Local News
Letters To The Editor
Published: February 16, 2012
Stand Firm Now On Religious Rights
To the Editor:
As we assess the impact of the recent HHS ruling concerning mandatory reproductive and anti-reproductive services, let us not forget our history with such rulings in the past.
Thirty years ago the government decreed that if a hospital delivered babies, it also had to be prepared to end their lives before they were allowed to be born. All Catholic hospitals were forced to drop obstetrics as a result. Using the same bureaucratic “logic” now, if they provide gynecological services will they not eventually have to provide “gender-reassignment” procedures as well? If they provide services which artificially sustain life, might they not be required to provide services that artificially end life?
Before these demands were based on receiving federal funding. Now they are based on simply being in business.
We didn’t draw the line on obstetrics and gave up providing a service that is precious to us. (And, by the way, no matter which party has held the White House or a majority in Congress has made any real effort to overturn this policy.) Are we prepared to use every means available to us now, including going into the streets if necessary, to defy and eliminate this or any unjust and unwarranted attack on our religious and civil rights? If not now, then when? And, when will it be too late?
Msgr. Terry W. Young
McDonough
Definition Tries To Make Catholic Facilities Secular
To the Editor:
Thank you, Archbishop Gregory for speaking out against the injustice by the Obama administration and Health and Human Services to require that Catholic institutions provide employee health insurance coverage for contraceptives and sterilization.
There has been a state-by-state effort to force Catholic hospitals to provide services contrary to Catholic teaching because legal cases tried in the courts have decided to use the language of the American Civil Liberties Union to define “religious employers” as having each of these characteristics: the inculcation of religious values is the purpose of the entity; the entity primarily employs persons who share the religious values of the entity; and the entity serves primarily persons who share the religious tenets of the entity.
This then excludes Catholic hospitals, dioceses and other Catholic charitable organizations from this exemption because they hire non-Catholics and treat or work with non-Catholics.
Therefore, these legislative mandates treat them as secular institutions, causing them to provide services opposed to Catholic teaching. The next step will be to include abortion and euthanasia and to force Catholic doctors to violate their consciences, also. Our religious liberties are being taken away as a new set of “reproductive rights” is created that, in fact, hurts women, children and marriage.
Kathleen M. Raviele, M.D.
Tucker
Church Needs To Use Spiritual Weapons
To the Editor:
This Sunday, Jan. 29, all parishes in the Archdiocese of Atlanta heard the letter written by our Archbishop, Wilton D. Gregory, in response to last week’s HHS decision regarding health care providers. Our archbishop brought to our immediate attention that the consequences of the HHS decision are immoral by forcing contraceptive and abortive practices upon all U.S. residents, despite moral and religious objections. This is a violation of the U.S. Constitution, as well as a violation of natural law and the laws of God, upon which this country was founded.
I wish to mention three sources giving us spiritual weapons to engage in this spiritual battle. …
The Blessed Virgin Mary has repeatedly appeared from heaven, exhorting her children to pray the rosary and fast, because as Jesus tells us, “some (spirits) are cast out only by prayer and fasting.” Now some of our bishops are calling us to repentance and to fast. … Pope Leo Xlll, at the turn of the 18th century, collapsed when given a vision of the future. He then immediately composed the deliverance prayer, which includes the familiar prayer to St. Michael the Archangel. The St. Michael prayer was part of the “Leonine Prayers,” which were said always at the conclusion of the Holy Sacrifice of the Mass. The other prayers include three Hail Marys, the Hail Holy Queen, and three “O Sacred Heart of Jesus, have mercy on us.” …

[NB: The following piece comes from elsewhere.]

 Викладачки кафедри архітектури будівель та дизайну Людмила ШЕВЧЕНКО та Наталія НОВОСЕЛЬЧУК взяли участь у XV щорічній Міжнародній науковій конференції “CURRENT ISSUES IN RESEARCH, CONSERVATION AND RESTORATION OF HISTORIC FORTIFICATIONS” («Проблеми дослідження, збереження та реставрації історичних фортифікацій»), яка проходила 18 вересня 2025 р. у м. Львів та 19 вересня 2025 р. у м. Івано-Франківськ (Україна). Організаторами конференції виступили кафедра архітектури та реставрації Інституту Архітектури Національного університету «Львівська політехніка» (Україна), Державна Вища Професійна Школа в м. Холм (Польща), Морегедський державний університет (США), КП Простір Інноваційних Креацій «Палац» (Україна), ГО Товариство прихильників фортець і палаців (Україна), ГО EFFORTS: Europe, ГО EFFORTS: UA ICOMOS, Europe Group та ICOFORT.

Instead of trying to take matters into our own hands, we must turn completely to our God, his holy angels, to the Communion of Saints and to our Blessed Lady.

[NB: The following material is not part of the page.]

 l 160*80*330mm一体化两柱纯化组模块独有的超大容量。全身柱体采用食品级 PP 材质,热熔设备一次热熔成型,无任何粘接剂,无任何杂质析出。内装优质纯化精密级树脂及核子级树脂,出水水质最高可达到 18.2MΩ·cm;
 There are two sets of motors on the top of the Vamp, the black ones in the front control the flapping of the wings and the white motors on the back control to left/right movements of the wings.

Let us begin with increased knowledge of our Lady and her rosary and comply with requests for the daily prayer of the rosary, the entire rosary, and for the prayer of the family rosary. Let us also offer the prayer to St. Michael, champion over demons, for the protection of our souls. … Let us pray for our bishops and priests, that they may lead us courageously in the fight for life, especially by their joyous conformity as Alter Christus at the Holy Sacrifice of the Mass and in the administration of the sacraments of Holy Mother Church.